Wrote the document to set the ball rolling this evening, and I've already got agreement from the 'owner' of the system to give it a try. Will see what my line manager thinks on Monday.

Given that I'm being rushed off my feet and don't have time to study ITIL right now, I've kept it very simple - the goal being more documenting the changes that are being made than controlling them - though that in itself will bring with it some control. If it brings some demonstrable benefit then we can take it from there.

Would like to pick up the basics of ITIL at some not-too-distant future point though, and still intend to read this thread properly when I'm awake. :)

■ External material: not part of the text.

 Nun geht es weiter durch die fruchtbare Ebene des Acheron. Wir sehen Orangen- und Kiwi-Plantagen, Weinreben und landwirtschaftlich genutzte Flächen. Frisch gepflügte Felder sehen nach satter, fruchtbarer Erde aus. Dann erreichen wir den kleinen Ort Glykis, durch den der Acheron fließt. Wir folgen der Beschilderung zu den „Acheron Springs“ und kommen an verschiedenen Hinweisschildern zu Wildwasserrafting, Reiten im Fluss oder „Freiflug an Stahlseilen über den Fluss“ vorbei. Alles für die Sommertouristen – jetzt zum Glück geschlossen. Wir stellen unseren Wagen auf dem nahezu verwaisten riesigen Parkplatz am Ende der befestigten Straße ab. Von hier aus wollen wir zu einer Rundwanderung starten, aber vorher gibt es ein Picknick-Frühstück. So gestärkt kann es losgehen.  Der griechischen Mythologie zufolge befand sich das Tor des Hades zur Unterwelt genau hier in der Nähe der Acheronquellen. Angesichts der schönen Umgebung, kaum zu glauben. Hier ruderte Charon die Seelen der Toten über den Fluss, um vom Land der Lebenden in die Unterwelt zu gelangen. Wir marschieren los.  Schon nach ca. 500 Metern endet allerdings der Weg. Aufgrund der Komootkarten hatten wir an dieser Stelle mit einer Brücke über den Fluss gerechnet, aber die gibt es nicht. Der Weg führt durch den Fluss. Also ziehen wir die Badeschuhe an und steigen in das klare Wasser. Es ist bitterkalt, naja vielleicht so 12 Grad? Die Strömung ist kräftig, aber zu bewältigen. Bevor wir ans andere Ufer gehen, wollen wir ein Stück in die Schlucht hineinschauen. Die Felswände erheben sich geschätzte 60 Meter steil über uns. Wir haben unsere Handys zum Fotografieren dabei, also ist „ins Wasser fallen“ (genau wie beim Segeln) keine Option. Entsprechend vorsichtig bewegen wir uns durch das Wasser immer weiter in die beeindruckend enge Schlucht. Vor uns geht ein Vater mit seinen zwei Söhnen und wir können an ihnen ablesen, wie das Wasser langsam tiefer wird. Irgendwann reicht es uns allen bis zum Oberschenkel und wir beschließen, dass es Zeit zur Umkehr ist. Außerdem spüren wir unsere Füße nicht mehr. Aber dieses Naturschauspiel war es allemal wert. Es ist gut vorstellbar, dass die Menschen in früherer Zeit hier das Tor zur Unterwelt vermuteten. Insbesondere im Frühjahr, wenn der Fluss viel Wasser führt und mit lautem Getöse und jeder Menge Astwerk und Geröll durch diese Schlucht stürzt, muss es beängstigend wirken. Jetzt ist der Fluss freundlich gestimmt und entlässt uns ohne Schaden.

They still monitor our service performance on "server uptime" ffs!

*blink* Service uptime != server uptime. Why is that such a hard thing for people to grasp? DRIVES ME CRAZY. It most especially irritates me when I see sysadmins boasting about server uptimes. "Yeah, my server has a 2 year uptime!", "Yeah, I'm guessing it hasn't been patched in that time. It certainly hasn't been rebooted to make sure its running a patched kernel".

It's about as dumb as measuring support performance by average call time (*fond memories of Piggy's views on that*)

*blink* Service uptime != server uptime.

lol, well they got caught out the other day when they had a service down for about half a day and they tried to report to the client 100% availability, because the server was still responding. The client raised an eyebrow and said "Really? 100%?"

I then had my manager coming in to me and giving a load of verbal about the performance stats, to which I replied "I warned you something like this would happen months ago... but you still insisted we only measure server uptime...".

He wasn't amused when he realised it was his mistake...;D

I have to concur - given that both my servers are also up but I just shut down all the services. They're going to be off for a week. :eek:

not seen it mentioned, but when you say change control I just think of version control.

at work we use Tortoise SVN - http://tortoisesvn.net/

Don't know if it'll help, but it basically keeps a log of all versions of a file on a central repo, lets people work on things and keep track of changes etc.

I'm stuck with tatty old Version Manager :/ Subversion is our developers tool of choice though.